Dualism is the view that the mind and the body are fundamentally distinct entities. There are two main types of dualism, substance and property Dualism. Both types of Dualism are formed from the mind-body problem, which is, what is the relation between our mental lives and the physical aspects of our brains and bodies? Substance or Cartesian Dualism views the mind and body as distinct substances and is the view Descartes (318). Property Dualism, argued for by Jackson, believes mental properties and physical properties are distinct properties of being (372).

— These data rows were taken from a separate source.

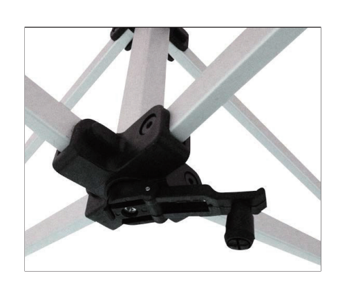
11. Spin winder in the center of the frame to completely tighten tent
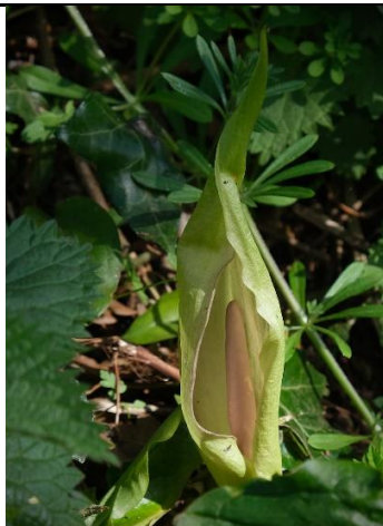
Cuckoo-pint Arum maculatum Common in shady places
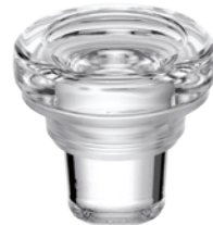
VINOLOK HIGH TOP FLINT
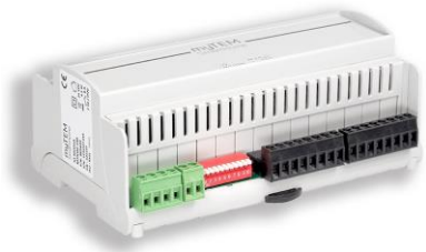
myTEM IO Modul MTIOM-100

The IO module MTIOM-100 is a universal module from myTEM for extending your smart home system with additional inputs and outputs. For this, the device is connected to your central myTEM Smart Server via the CAN bus system.
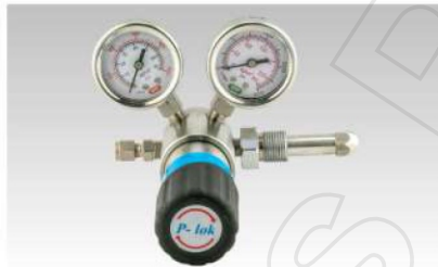
Piston Type Cylinder Regulator FBG Series
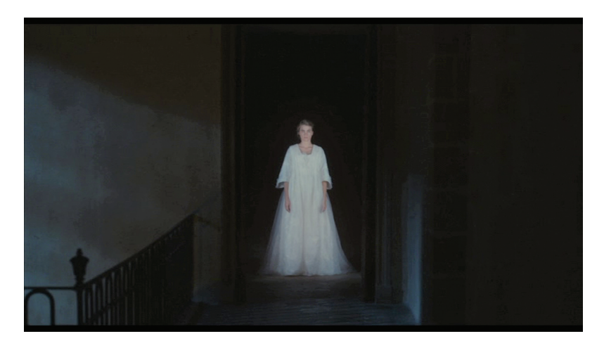
Figure 3. Héloïse as apparition in the wedding dress in Portrait de la jeune fille en feu (Pyramide Distribution).

between white and blue on the chromatic scale (see Figure 3). As well as recognising the figure of Héloïse to be an apparition, we also know that the dress cannot exist, as Sophie informed Marianne shortly after her arrival that Héloïse only has one dress (the green dress I discuss in more detail below) and still wears her convent clothes.
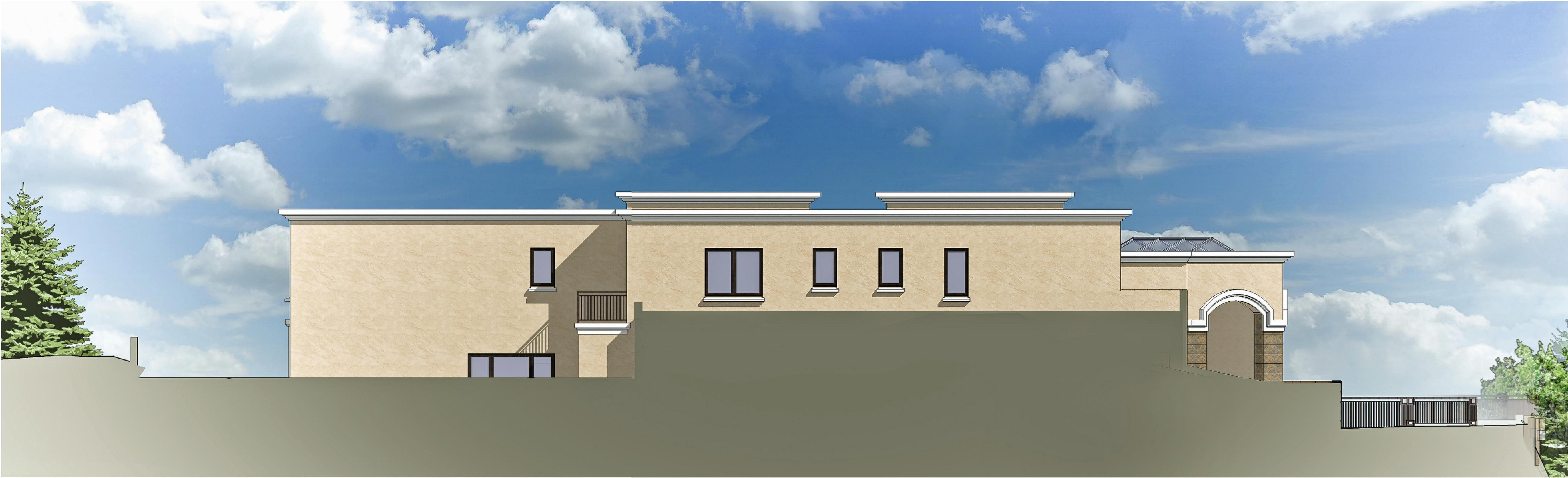
2 NORTH ELEVATION 3/16" = 1'-0"
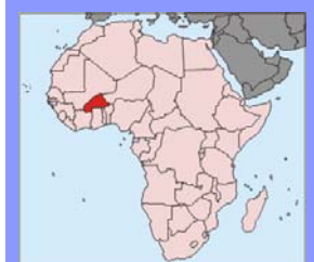
Map of Africa – Burkina Faso
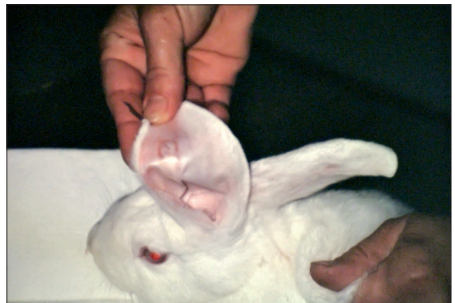
Figure 3. Handle with graft chemoprecipitate.
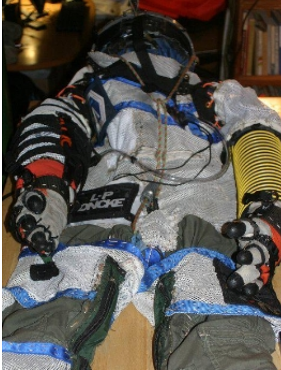
FIGURE 1. Pacific Spaceflight Model II/III Pressure Garment (Left) with lightweight, slim convolute elbow section installed on suit's L arm and older section on suit's R arm. Right photo shows suited person installed in Kazbek trainer.
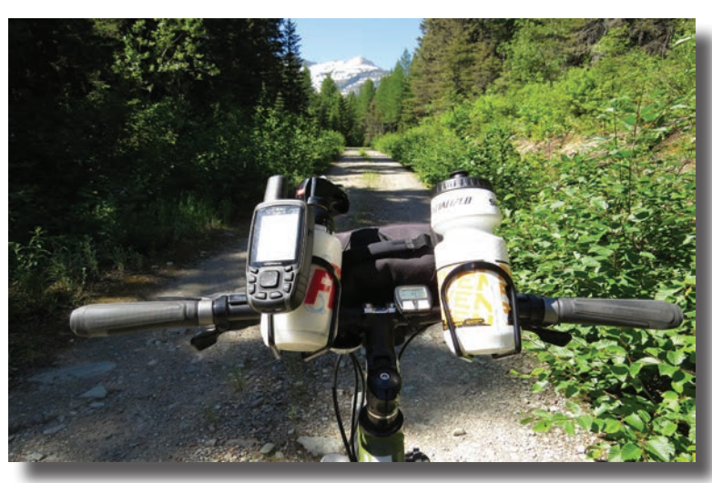
Monitoring culverts on closed roads is not an easy task, which is why it is best to remove them instead.

such monitoring plan! [2, 27] This even though it has bermed or simply abandoned several hundred roads to increase Security Core (and even more to lower TMRD). [28]
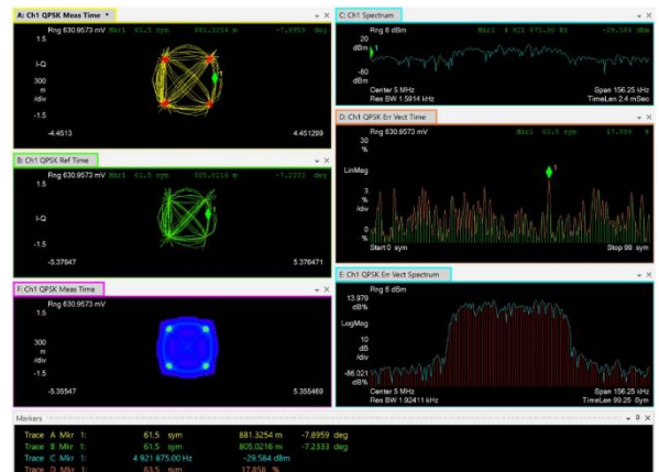
Analyze modulation types ranging from AM/FM/PM to QPSK (shown), 4096QAM and 18APSK.
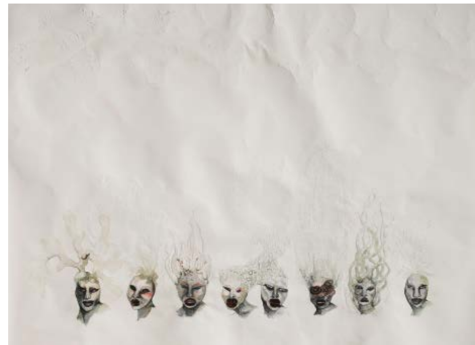
Fig. 15 Ellen Gallagher, Watery Ecstatic , 2007
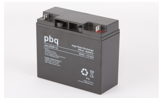
pbq 22HR-12 High Rate Discharge version of the popular 18Ah VRLA battery. More power for your UPS systems without the need of extra shelves or cabinets.
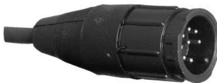
Cable to Cable

Substance Dualism is supported by Descartes cogitos, along with the wax example. Descartes first cogito is I have convinced myself there is nothing in the world. If I can convince myself of something, then I exist. Therefore, I exist. Cogito two is suppose an all-powerful malicious deceiver is deliberately and constantly deceiving me. If I am being deceived, then I exist. Therefore, I exist. On the other hand, the wax example can be explained as wax can originally be identified by senses, but if it melts those properties change. This example shows that substances possess properties which are judged by the mind (Descartes, 317). Jackson uses Qualia, qualitative aspects of phenomenal experience or the what it is likeness of conscious experience, to back his theory (366). His view is supported by the knowledge argument. The knowledge argument is Mary, before her release knows all the physical facts concerning color vision, but Mary does not know all the facts concerning color vision, because she learns something new when she is released and sees color for the first time. Therefore, there are non-physical facts and physicalism is false (Jackson, 367).
The Identity Theory is the view that every type of mental state, event, or process is identical to some type of brain state, event, or process (Smart, 334). A few of the methods to support Identity Theory are reduction, Leibniz’s law, argument from introspection, and Occam’s razor. Reduction is the idea that x reduces to y if x is nothing over and above y. An example of this would be temperature is mean molecular kinetic energy (Churchland, 379). Similarly, Leibniz’s law is if x is identical to y, then x and y share all the same properties. If x and y do not share all the same properties, then they are not identical (Churchland, 378). The argument from introspection is the qualia of my sensations are knowable to me by introspection. The properties of my brain states are not knowable to me by introspection. Therefore, the qualia of my sensations are not identical to the properties of my brain states. Churchland disputes this claim because it begs the question. There is no proof that brain states are not knowable by introspection (Churchland, 377). Lastly, Identity Theory is supported by Occam’s razor, a methodological principle of parsimony (simplicity) in theorizing. Simply put it means don’t multiply entities beyond necessity. Occam’s razor supports Identity Theory over Dualism because Identity Theory is the similar theory (Smart, 334).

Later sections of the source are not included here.